No significant differences were seen in the frequency of TBI between the brain-cancer groups and their matched controls (OR, 0.83 for all verified central nervous system tumors; OR, 1.34 for all gliomas).
Zampieri et al. (1994) conducted a case–control study to assess risk factors related to brain tumors in 195 patients who presented with confirmed cerebral glioma in four neurosurgical departments in Italy. Controls were matched to cases on age, sex, date of hospitalization, and residence. A structured questionnaire was administered to assess education, occupation, environmental exposures, medical history, and history of TBI. TBI was classified as mild if LOC was brief and severe if LOC lasted for over 1 hour, and there were any related neurologic deficits, epilepsy, cranial fracture, or any neurologic procedure. The authors found no statistically significant association between malignant astrocytomas and history of TBI (OR, 0.5; 95% CI, 0.2–1.3). The study was limited in that there was a potential for substantial recall bias.

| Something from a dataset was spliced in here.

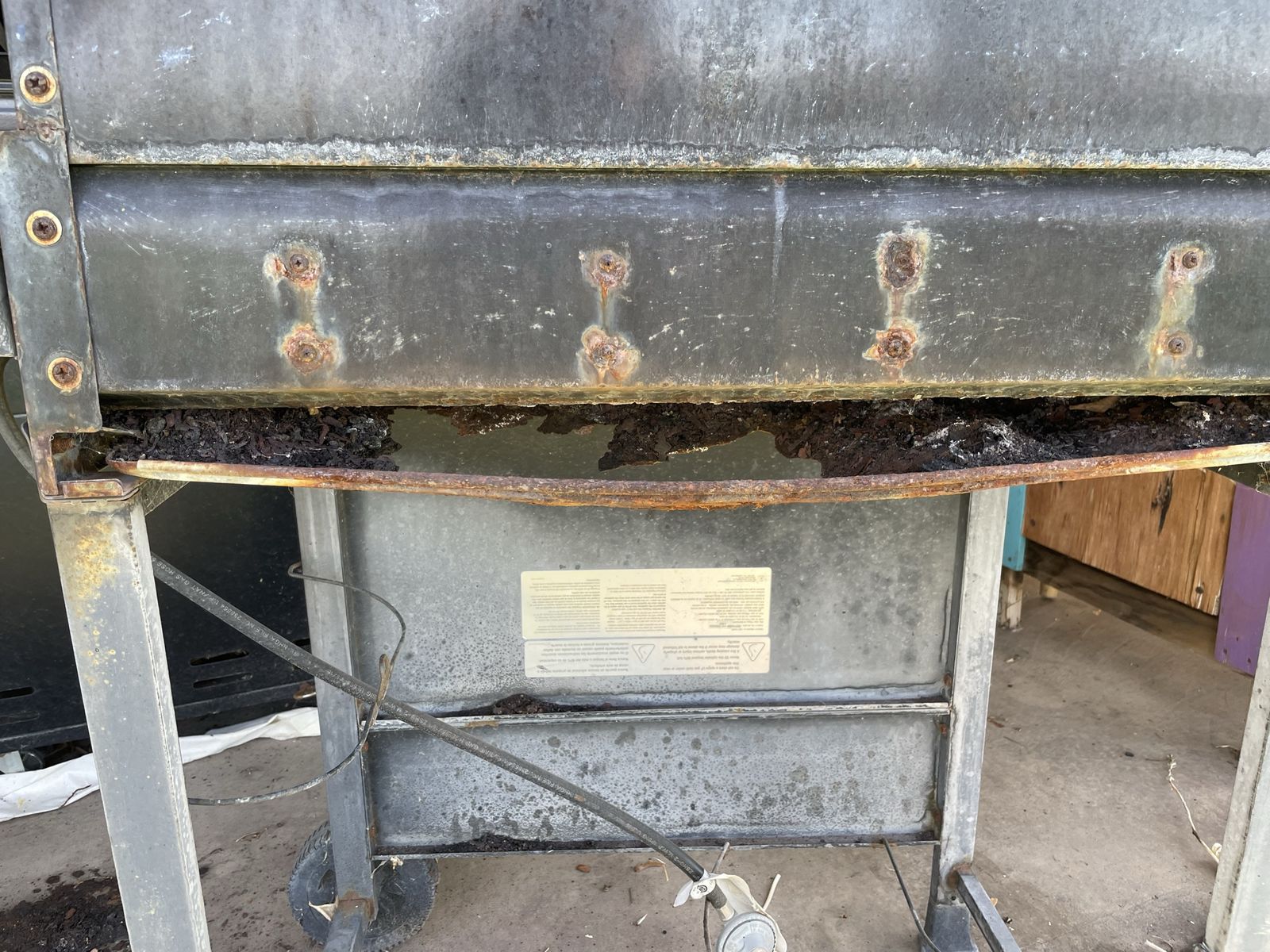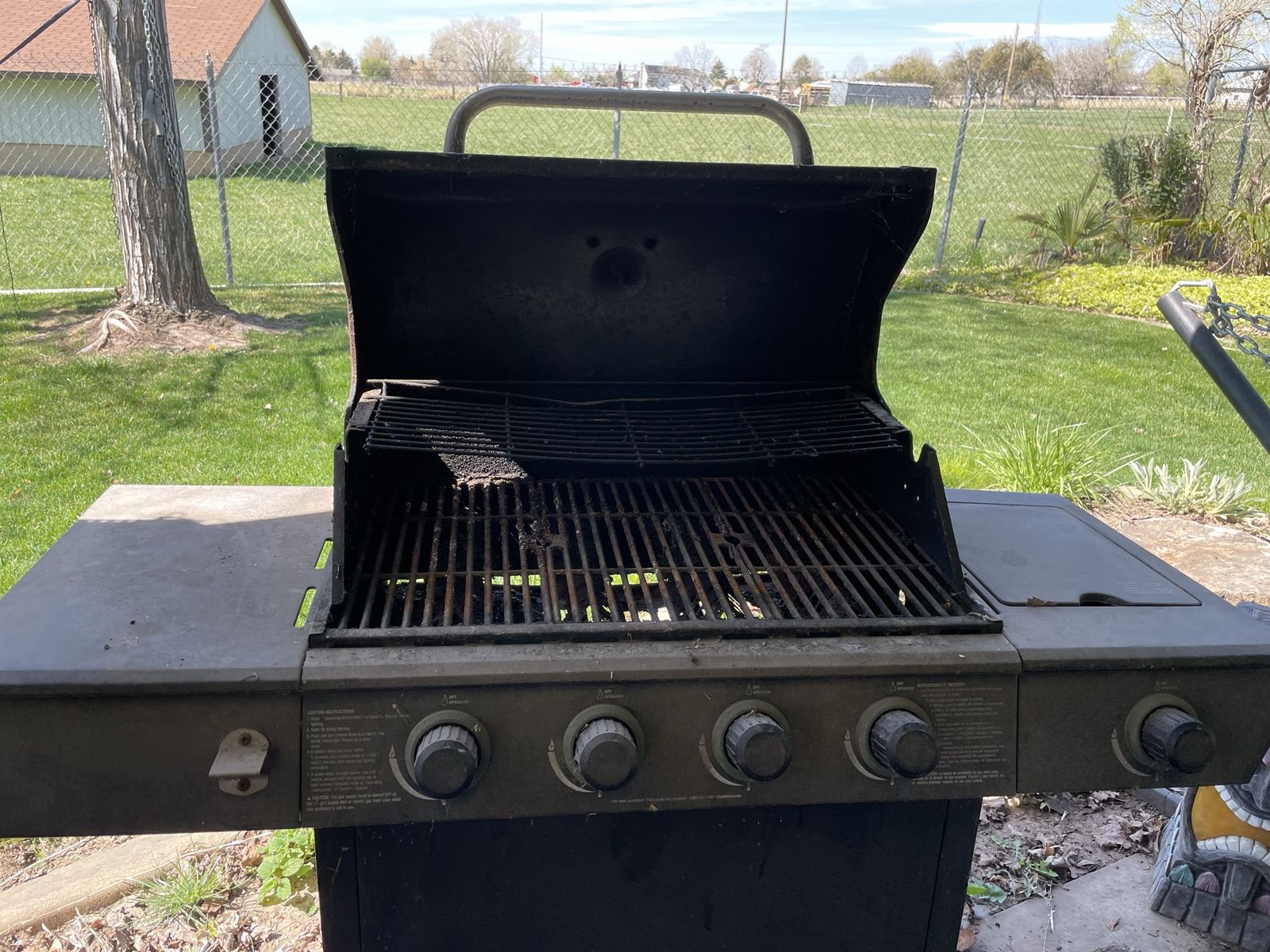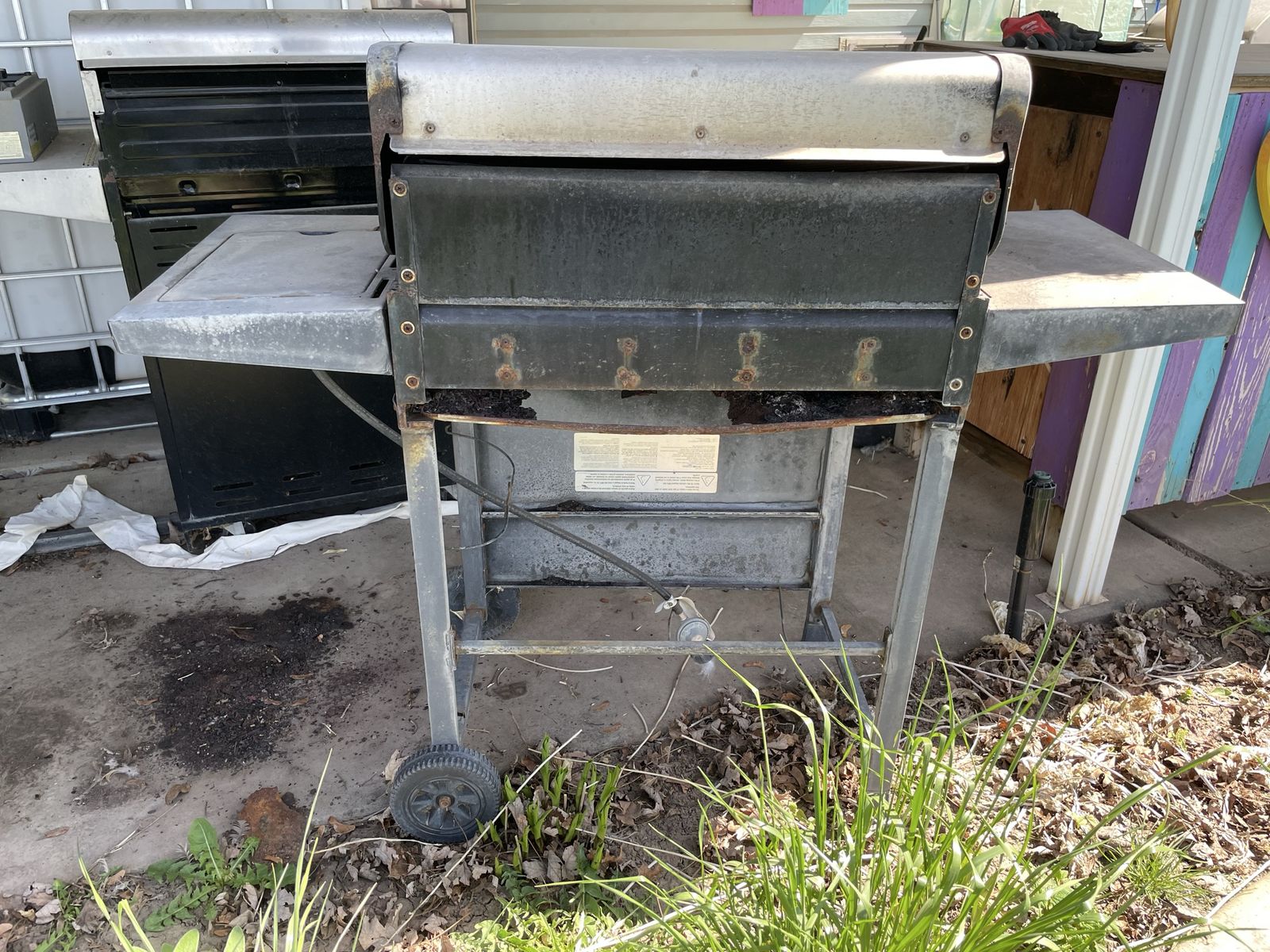 Free grill. It works, but the tray rusted out. Needs a new tray and a good cleaning. No holds.

The committee reviewed 14 primary studies and two secondary studies of TBI and brain tumors and found mixed results. The three large population-based registry studies in Minnesota, Denmark, and Sweden found no association between TBI and risk of brain tumors, although the Danish study almost reached statistical significance. The Minnesota study was able to ascertain exposure up to 44 years earlier, and there were more than 3.2 million person-years of followup in the Swedish study. However, there is evidence from some of the other studies that there may be a weak but significant association between TBI and meningioma and that risk of brain tumors may be increased 10 years or more after TBI; this suggests the possibility of a long latent period before clinical presentation. The committee therefore does not believe that the possibility of an association between TBI and risk of later brain tumors is a closed question. It believes that longer-term followup, especially in large registry-based studies, is warranted to understand where there is measurable risk and, if it is increased, when and with what types of tumors it is most likely to be observable. For now, however, the committee concludes that the inconsistent results of the studies are most supportive of a classification of inadequate/insufficient evidence to determine whether an association exists.
The committee concludes, on the basis of its evaluation, that there is inadequate/insufficient evidence to determine whether an association exists between moderate or severe TBI and subsequent development of a brain tumor.